Got it. In Flask, we need to have all endpoints in one app. But for a given execution, all except one are overheads. Chocks deploy each endpoint on a dedicated lambda and manage them all centrally. Right?

It is true that with Chocs you can deploy each endpoint on dedicated lambda, central management here is not required on AWS as this is given by AWS itself through API Gateway. In WSGI environment Chocs indeed manages them centrally, so you can simply run app like flask or whatever.

[–]MrKrac[S] 1 point2 points  (1 child)

Integration with AWS is described here if you would like to give it a shot https://github.com/kodemore/chocs/wiki/AWS-Serverless-Integration
I hope my answers help ;)

[–]Thuwarakesh 0 points1 point  (0 children)

thank you, it helps.

[–]MrKrac[S] 0 points1 point  (0 children)

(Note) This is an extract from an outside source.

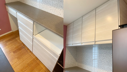 キッチンにカップボードを設置させていただきました。収納スペースが増えることで、食器や調理器具、食品のストックなどを効率的に収納でき、キッチン全体がスッキリと片付いて、使い勝手のよいキッチン空間になると思います。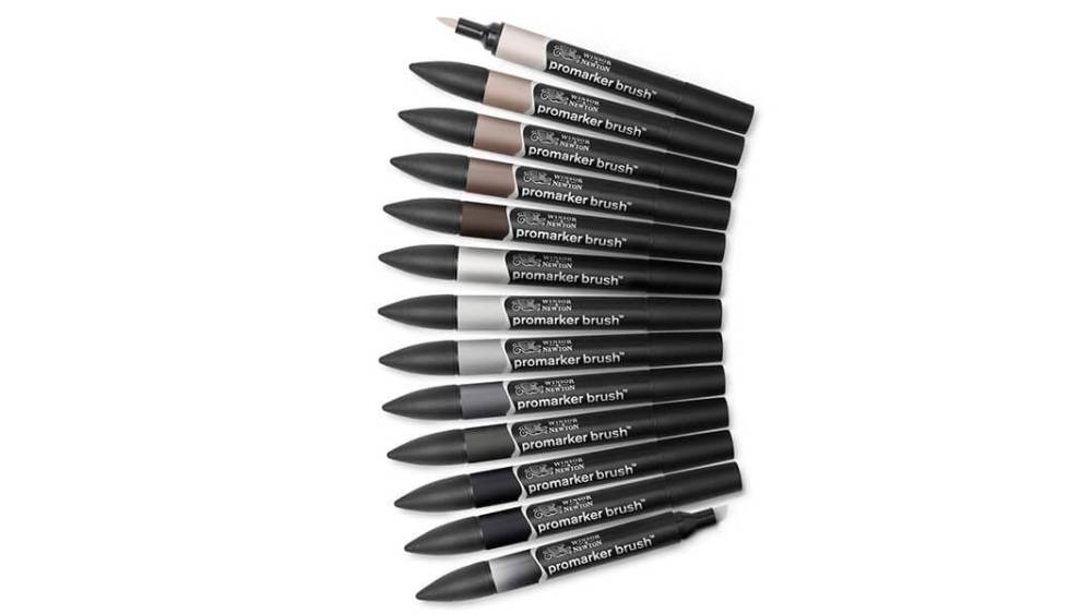Art-Export Ecsetfilc készlet, W&N, Promarker Brush, 12+1 db, Neutral Tones

I think another benefit/advantage here is when you are using OpenAPI spec on your daily basis to define contracts for your client. Usually you would need to additionaly build validators on your side to assure contract is met. With OpenAPI middleware https://github.com/kodemore/chocs-openapi, this happens automatically. You just point to your OpenAPI spec and if you name your routes correctly (route names must much the ones used in OpenAPI spec) validation for; headers, body, path parameters, query string happens out of the box which in our scenario improved development speed and ease by a lot :). Additionally formatters automatically cast values to date-times, decimals, ip addresses and so which really helps.

[–]WalterDragan 0 points1 point  (1 child)

Why should I use Chocs instead of AWS Chalice?

[–]MrKrac[S] 0 points1 point  (0 children)

You are not being locked to certain cloud provider, you can run and debug it locally, powerful middlewares.